While Annie and Jerry headed off for a morning’s skiing, I set off to see the weekly market in Les Diablerets. Annie had warned me it was small, especially in the winter, and as it turned out there were only four stalls. But it was still fun to go and take a look.
It tasted delicious. I sat writing postcards and ordered a second coffee. On the way back to the apartment I stopped at the local dairy/deli and bought some cheese straws for evening aperitifs and some gorgeous local goats’ cheese made with raw milk for lunch and topped with pink peppercorns and herbs. When we ate it, these flavours came through strongly and the cheese was delicious.
We parked and wandered down through the town to find somewhere for tea. Leysin is much more of a town than Les Diablerets. More shops, more hotels and more people. Interesting to see but lacking the charm and peace of the Les Diablerets village.
There are lots of wonderful things to do in Leysin though and we found a very helpful woman in the Tourist Information office and came back with lots of maps and leaflets and intentions of returning. As we made our way back to the car, the sun was going down.
Annie offered to make raclette or fondue for supper. As my family used to eat raclette a lot at one time, I said a fondue would be great. Especially as I’m not a practised fondue maker. I offered to help. Annie said some help with the stirring would be great. She got it started. She’d bought a mix of grated cheese for fondue.
This was a classic mix half and half – moitie-moitie – of Gruyere and Vacherin. This is mixed with some white wine and cornflour, then slowly, gently heated. She warned me it took a long time. It turned out to be well over an hour. She left me in charge while she went off to do other things – like make a big bowl of salad – at about the time it looked like a cross between porridge and rice pudding.
I’m glad she told me. At this point as I conscientiously stirred and tried not to worry, I remembered I did once try to make cheese fondue but at this point had thought it had all gone wrong and thrown it away. Eventually, still stirring, it all came together into a smooth mix.
But it was still not ready. It wasn’t yet hot enough. I kept stirring, watching anxiously and with growing impatience … There must be a bubble soon, I thought! Annie took over and once it was hot enough, added lemon juice to cut through the richness, some seasoning and kirsch. Meanwhile, Romilly cut the bread into cubes. Eli laid the table. Jerry opened the wine and lit the special heater to keep the fondue hot at the table. Suddenly it seemed, we were ready to go.
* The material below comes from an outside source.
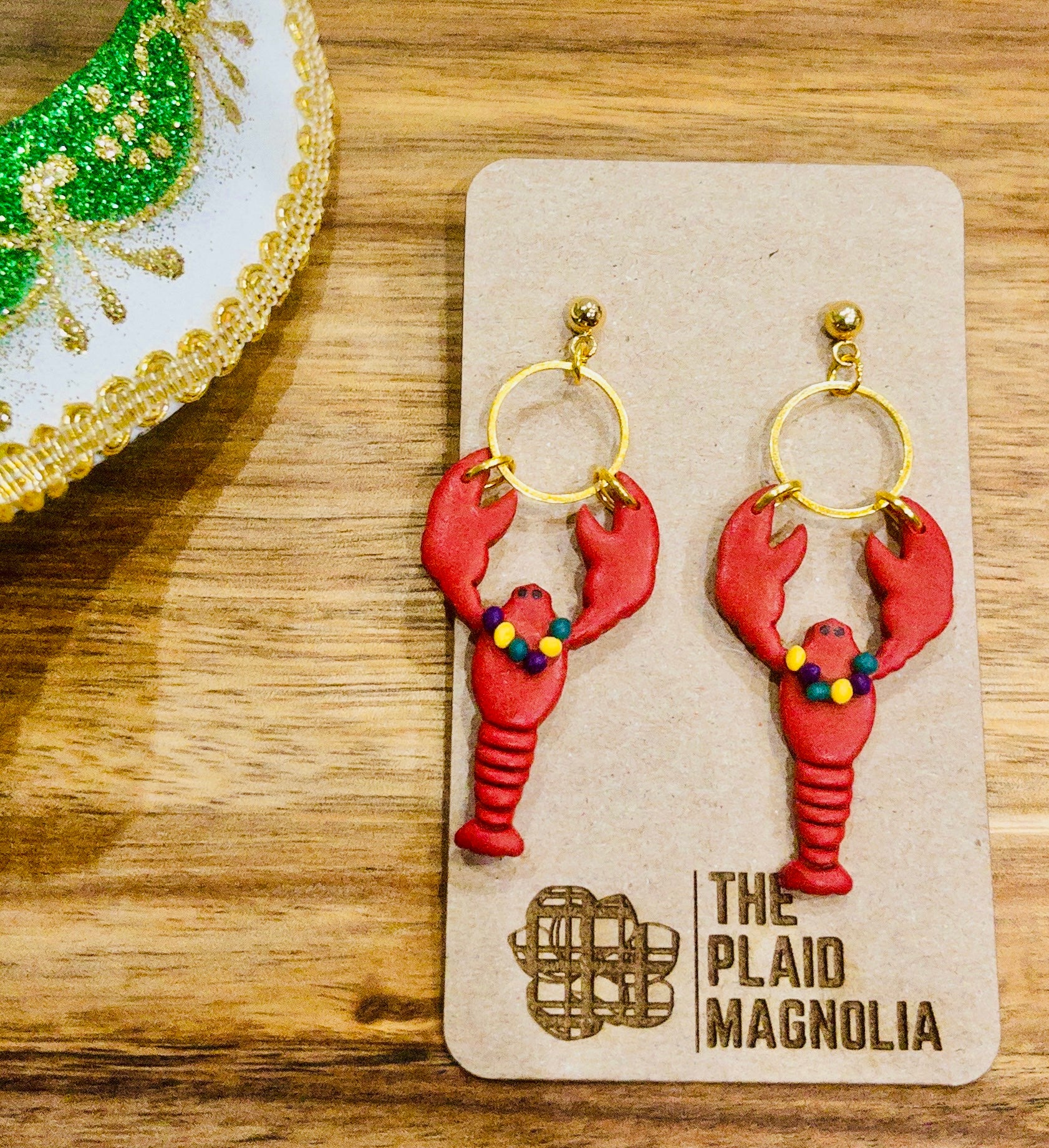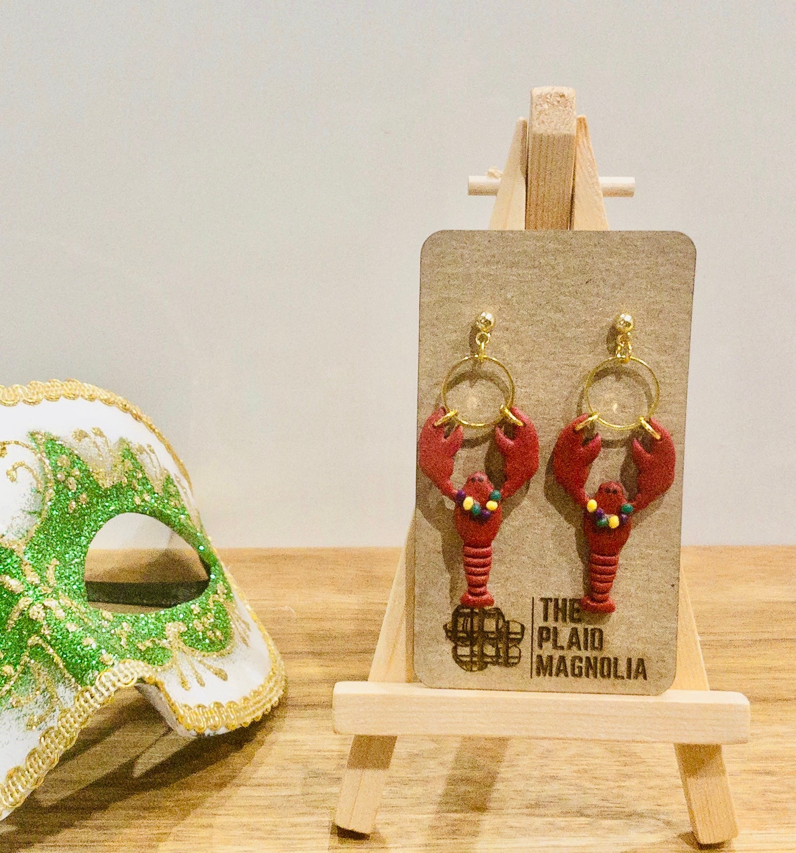 Add some spice to your wardrobe with these playful Carnival Crawfish earrings! Made from polymer clay, these quirky crawfish are adorned with Mardi Gras beads for a festive touch. The perfect accessory for any Mardi Gras celebration or just to add some fun to your everyday look!

Jerry warned that the family rules were that if you dropped your piece of bread in the fondue, there was a forfeit. So guess who was the only person who did! Yes, me. But as I managed to scoop my bread back out quickly, I was let off the forfeit. Which, given the threatened forfeit, was probably as well!! The fondue was delicious. It was wonderful. The individual tastes of the two cheeses were distinct, the texture was thick and smooth and I loved it. I’d thought it might be too rich to eat much, but I had to force myself to stop when well past ‘enough’. It’s such a fun thing too, this communal eating: chatting, laughing and sharing the experience. I’m really pleased to have had a good fondue while here in Switzerland. Thank you, Annie!